Extracted records:
▬▬▬▬▬▬

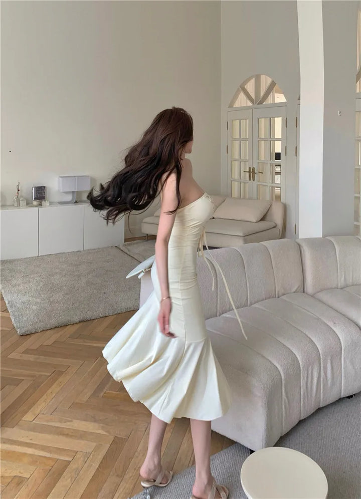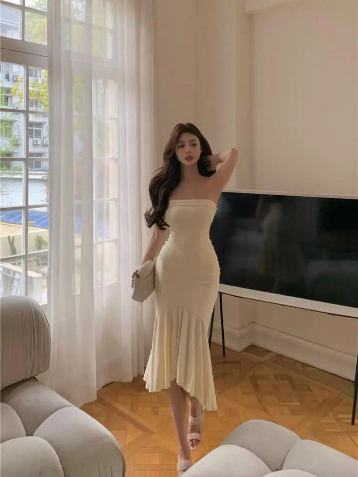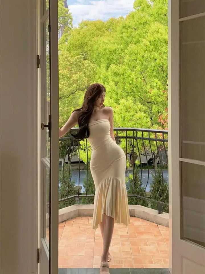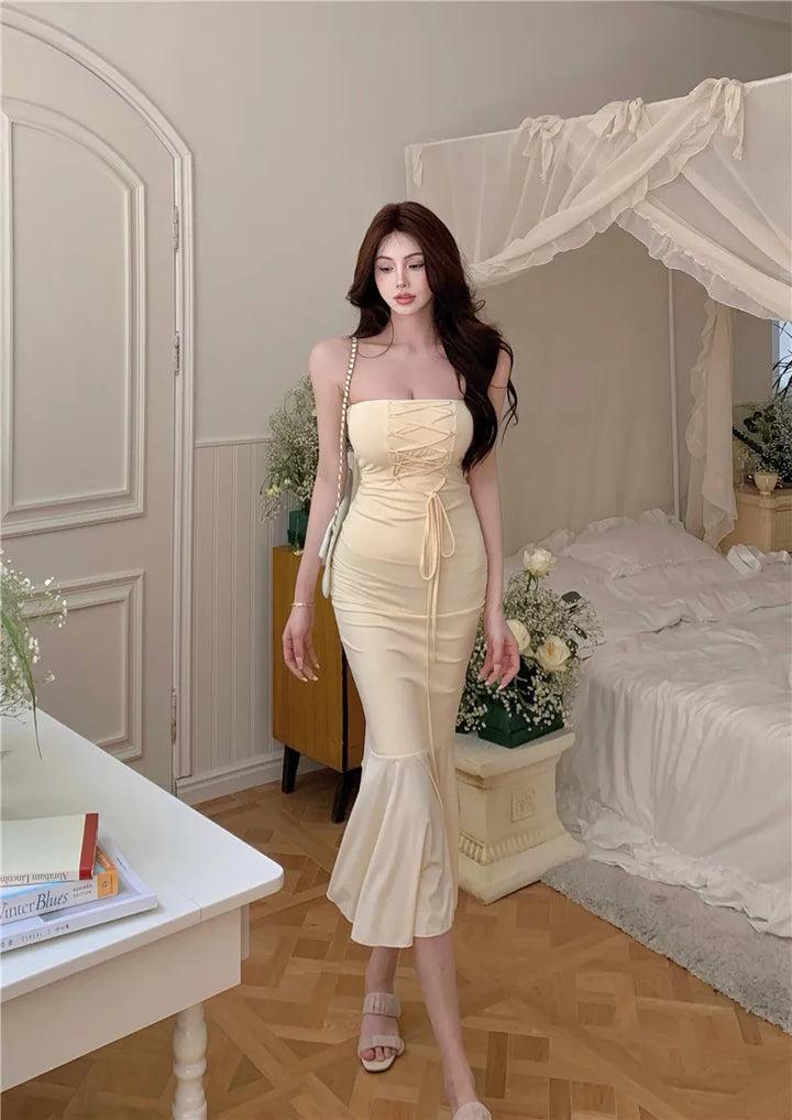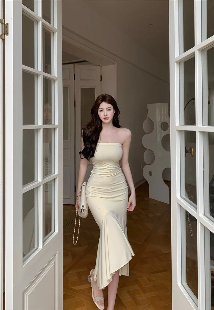 TAVIMART - Summer Aesthetic Midi Dress Women Strapless Fishbone Bandage Irregular Dress Party Club Sexy Elegant Dresses Backless Solid
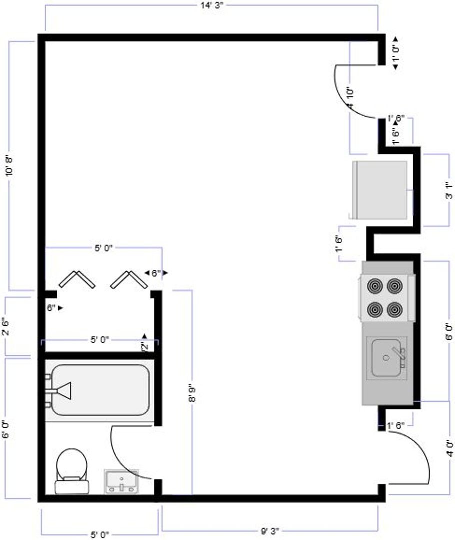 Unique Garden Style Studio with kitchen, and full bathroom.
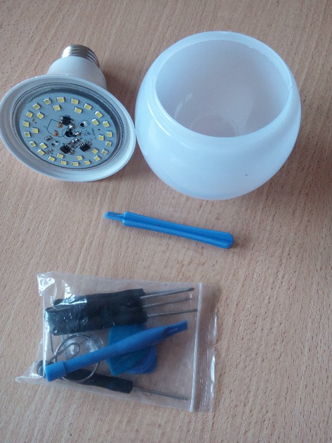 Die "Milchglaskappe" ist nur aufgesetzt und rastet am Übergang zum Kühlkörper nur ein. Ein für wenige cent in China erhältliches Handyreparatur Werkzeugset hat bei der Öffnung geholfen...
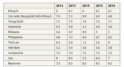 So sánh với các nước trong khu vực, có thể dễ dàng nhận thấy tốc độ tăng trưởng của kinh tế Việt Nam thấp hơn Campuchia, Lào và Myanmar trong những năm gần đây (xem bảng).
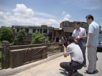 攝影愛好者在石壁鎮紅軍橋上拍攝(張麗勍/攝)
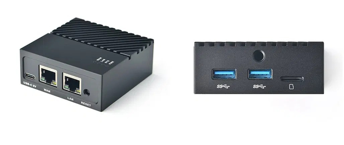 Мне удалось его успешно прошить и не окирпичить, но как оказалось версия OpenWrt, которая на нём работает - старый китайский форк, который сильно урезан по возможностям, многие пакеты из официальных репозиториев OpenWrt просто не поддерживаются. Помучившись недельку я понял что данный роутер не отвечает моим требованиям и стал искать другие варианты. Сначала думал просто купить более современный и мощный роутер, на который OpenWrt встанет без проблем. Однако нейросетевой друг подсказал мне другую идею: одноплатные мини-ПК. Существуют варианты специально заточенные под OpenWRT. Я остановился на модели NanoPI R4S, одноплатник размером с пачку сигарет, вот так он выглядит:
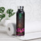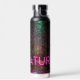 Mysterious spruce forest nature neon magenta sign water bottle

▬▬▬▬▬▬

- [Task prompt]: The line containing "So sánh với" and every line after it, up to the last line of the data, should be returned exactly, without the pictures.

- [Reply]:
 So sánh với các nước trong khu vực, có thể dễ dàng nhận thấy tốc độ tăng trưởng của kinh tế Việt Nam thấp hơn Campuchia, Lào và Myanmar trong những năm gần đây (xem bảng).
 攝影愛好者在石壁鎮紅軍橋上拍攝(張麗勍/攝)
 Мне удалось его успешно прошить и не окирпичить, но как оказалось версия OpenWrt, которая на нём работает - старый китайский форк, который сильно урезан по возможностям, многие пакеты из официальных репозиториев OpenWrt просто не поддерживаются. Помучившись недельку я понял что данный роутер не отвечает моим требованиям и стал искать другие варианты. Сначала думал просто купить более современный и мощный роутер, на который OpenWrt встанет без проблем. Однако нейросетевой друг подсказал мне другую идею: одноплатные мини-ПК. Существуют варианты специально заточенные под OpenWRT. Я остановился на модели NanoPI R4S, одноплатник размером с пачку сигарет, вот так он выглядит:
 Mysterious spruce forest nature neon magenta sign water bottle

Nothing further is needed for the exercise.